[Data provided]

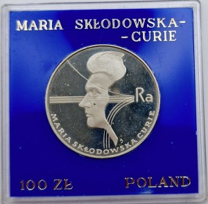 100 zł Maria Skłodowska-Curie 1974 r. - Srebrna moneta kolekcjonerska PRL (Polska Rzeczpospolita Ludowa). Moneta w niebieskim pudełku.
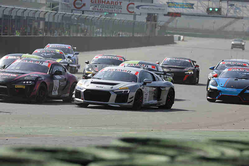 Nach fünf Stunden erfolgte dann das zweite GTC Rennen am Sonntagnachmittag. Wiederum klappte die Startphase ohne weiteres. Julian Hanses konnte den fliegenden Start für sich verbuchen. Friedel Bleifuss hatte direkt einen Rang gut gemacht. Fabian Kohnert war von Rang sieben gestartet und nach einigen Metern in die Boxenmauer eingeschlagen. Die Rennleitung schickte nun das Safety Car hinaus. Nach dieser Runde führte weiterhin Julian Hanses vor Friedel Bleifuss und Moritz Wiskirchen. Kenneth Heyer lag auf Rang vier. Leo Pichler war als schnellster GT4 Fahrer auf Platz acht unterwegs. Nach vier Runden erfolgte der Re-Start und dieser konnte Julian Hanses für sich verbuchen. Friedel Bleifuss war wenig später in der zweiten Kurve etwas zu weit raus gekommen. Dies konnte Moritz Wiskirchen dann nutzen und sich auf Platz zwei schieben.
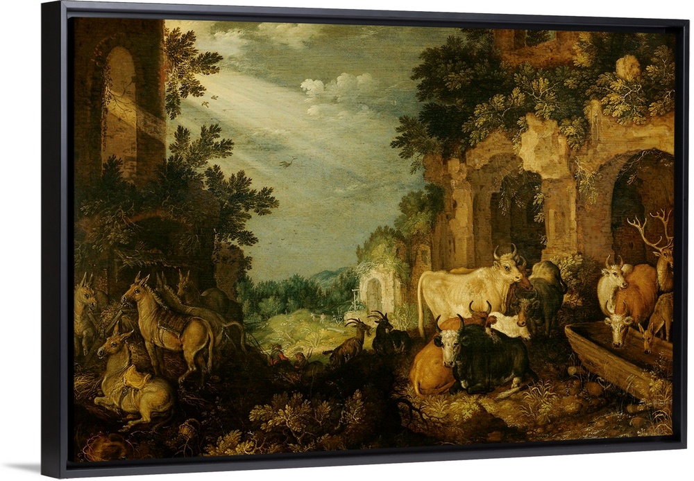 <p>Landscape with Ruins, Cattle and Deer, by Roelant Savery, 1614-20, oil on panel. A buck and doe are at a watering trough with cattle. At left is a group of donkey's. In mid-ground are two goats and reclining herdsmen.</p>
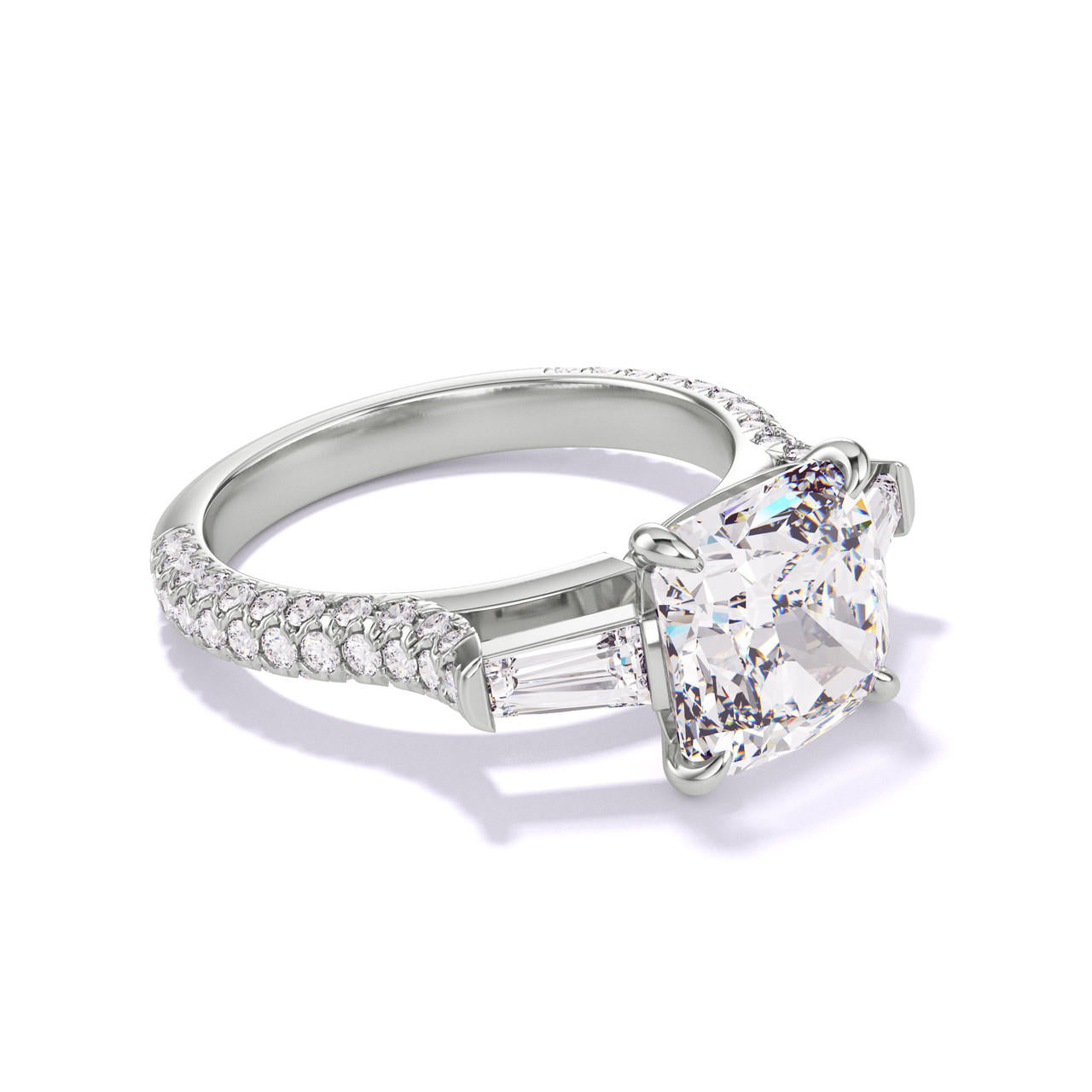 CUSHION CUT DIAMOND ENGAGEMENT RING WITH A BAGUETTE FLANK THREE PHASES TRIPLE PAVE SETTING IN PLATINUM
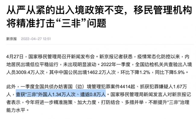 叁是疫情期間中國實施“外·防·輸·入、內·防·反·彈”的防·疫政策,就連正常入境的外籍人士也要經過層層衛生檢測才能入境中國,非法入境更成為不可能。僅僅2022年第壹季度,中國邊檢就查獲“叁非”外國人1.34萬人次、遣返0.8萬人。
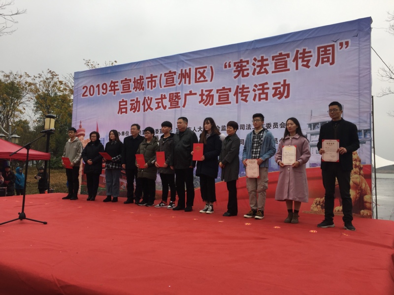 为贯彻落实中央关于深入学习宣传和贯彻实施宪法的部署,推动全社会进一步树立宪法意识,12月1日上午,在第六个“国家宪法日”来临之际,宣城市2019年“宪法宣传周”启动仪式暨“12.4”国家宪法日广场集中宣传活动在宛陵湖法治文化广公园举行。学院文法系主任李世军老师、获奖选手夏建圩老师、王铁梅同学及部分志愿者参加了本次活动。
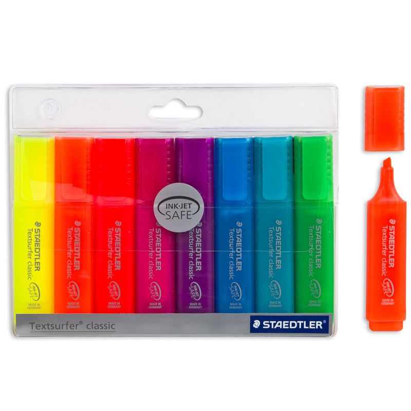 Практичен комплект от 8 броя текст маркери STAEDTLER в 8 цвята - жълт, оранжев, червен, цикламен, лилав, син, светло син и зелен.
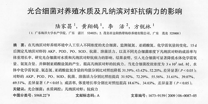 光合細菌對養(yǎng)殖水質(zhì)及凡納濱對蝦抗病力的影響
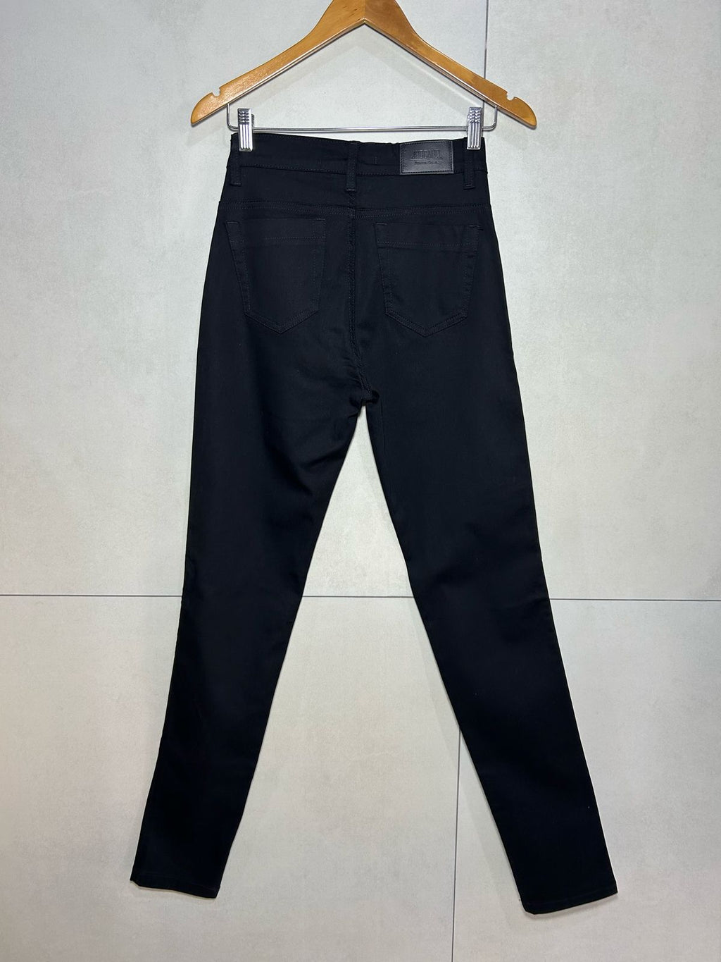 - Características: Calça feminina brim reta , com bolsos frontais e traseiros e cós com passantes.
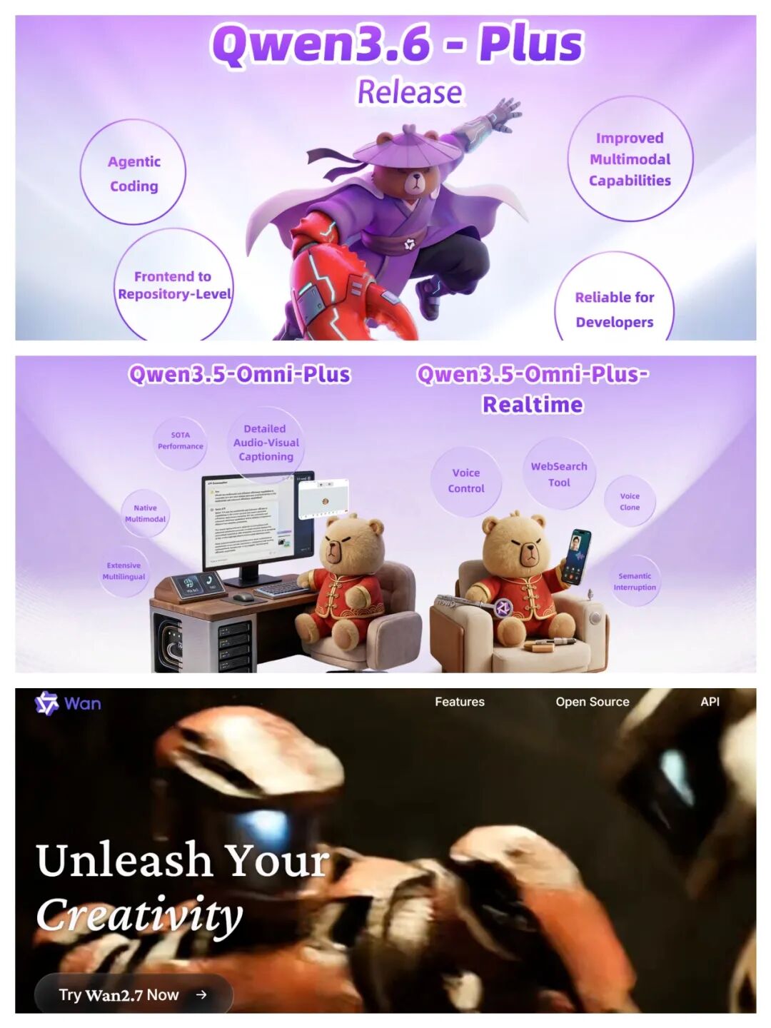 Node AI discovered that amid these two strategic shifts, Tongyi Lab released three flagship models in four days: Qwen3.5-Omni (a full-modality interaction model), Wan2.7-Image (a visual generation model), and Qwen3.6-Plus (a large language model), covering full-modality understanding, image generation, and programming intelligence—three critical capability areas.
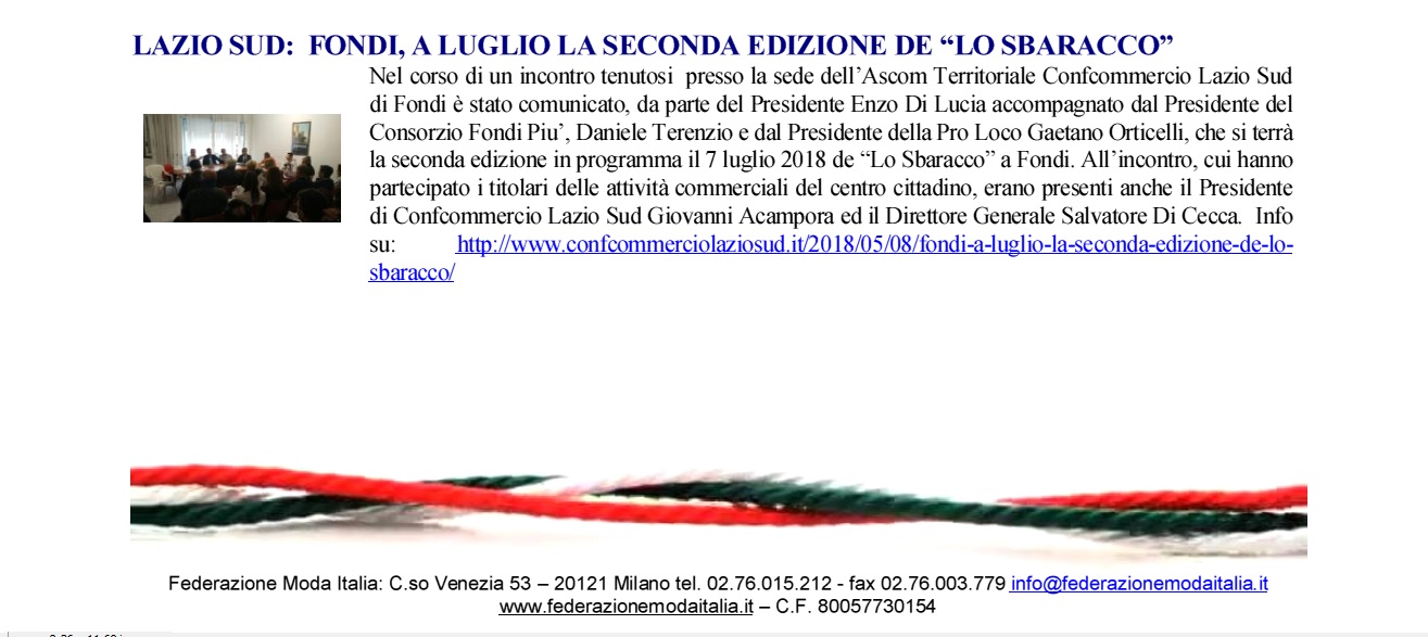 FEDERMODA ITALIA annuncia il ritorno a Fondi de "Lo Sbaracco". La seconda edizione è in programma per il 7 luglio. Tante le novità di questa edizione 2018. Lunedì scorso la prima riunione presso l'Ascom #Confcommercio Lazio Sud con i #commercianti del centro città.
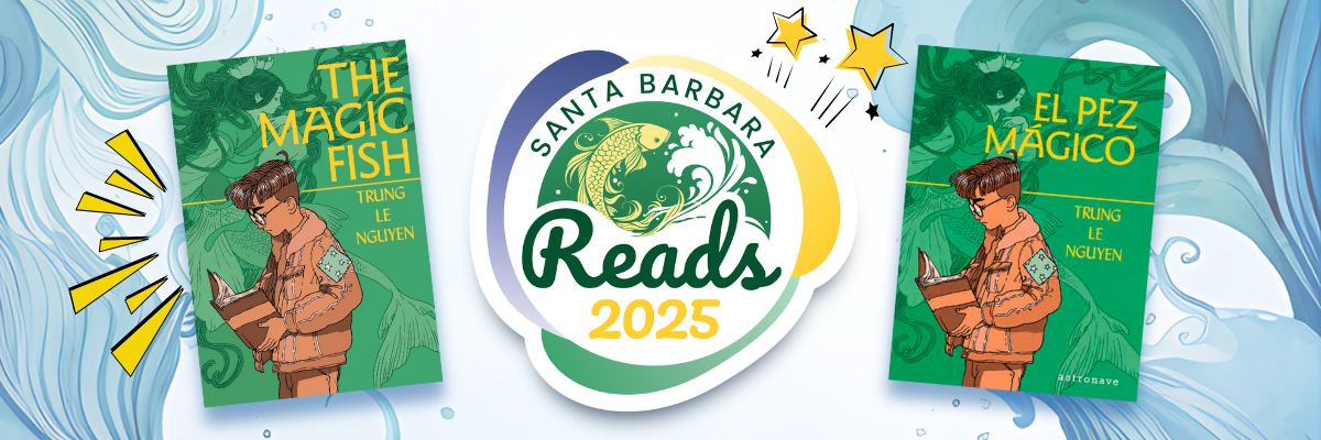 Pick up your free copy of the SB Reads title and graphic novel The Magic Fish by Trung Le Nguyen, contribute to a community art piece with local artist Veronica Sanchez, and register for upcoming SB Reads’ book clubs, workshops, and special events!
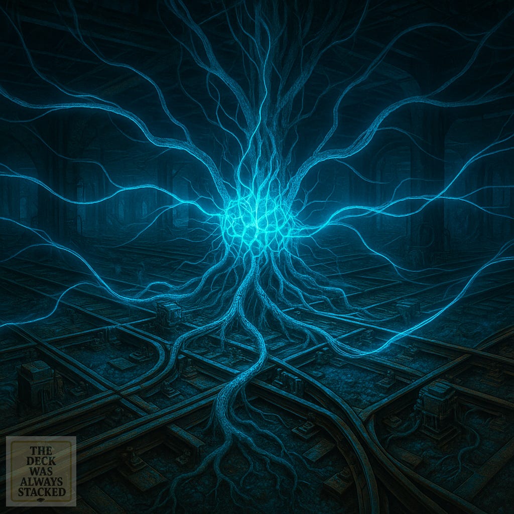 It’s motion — compressed energy from every unpaid debt, circulating endlessly through obsolete routers.

[/Data provided]

:: Task to carry out ::
Above are the records; copy exactly the lines from the one with "CUSHION CUT DIAMOND" through the one with "Практичен комплект от", including both, and nothing more. Leave out pictures.

:: Exercise solution ::
 CUSHION CUT DIAMOND ENGAGEMENT RING WITH A BAGUETTE FLANK THREE PHASES TRIPLE PAVE SETTING IN PLATINUM
 叁是疫情期間中國實施“外·防·輸·入、內·防·反·彈”的防·疫政策,就連正常入境的外籍人士也要經過層層衛生檢測才能入境中國,非法入境更成為不可能。僅僅2022年第壹季度,中國邊檢就查獲“叁非”外國人1.34萬人次、遣返0.8萬人。
 为贯彻落实中央关于深入学习宣传和贯彻实施宪法的部署,推动全社会进一步树立宪法意识,12月1日上午,在第六个“国家宪法日”来临之际,宣城市2019年“宪法宣传周”启动仪式暨“12.4”国家宪法日广场集中宣传活动在宛陵湖法治文化广公园举行。学院文法系主任李世军老师、获奖选手夏建圩老师、王铁梅同学及部分志愿者参加了本次活动。
 Практичен комплект от 8 броя текст маркери STAEDTLER в 8 цвята - жълт, оранжев, червен, цикламен, лилав, син, светло син и зелен.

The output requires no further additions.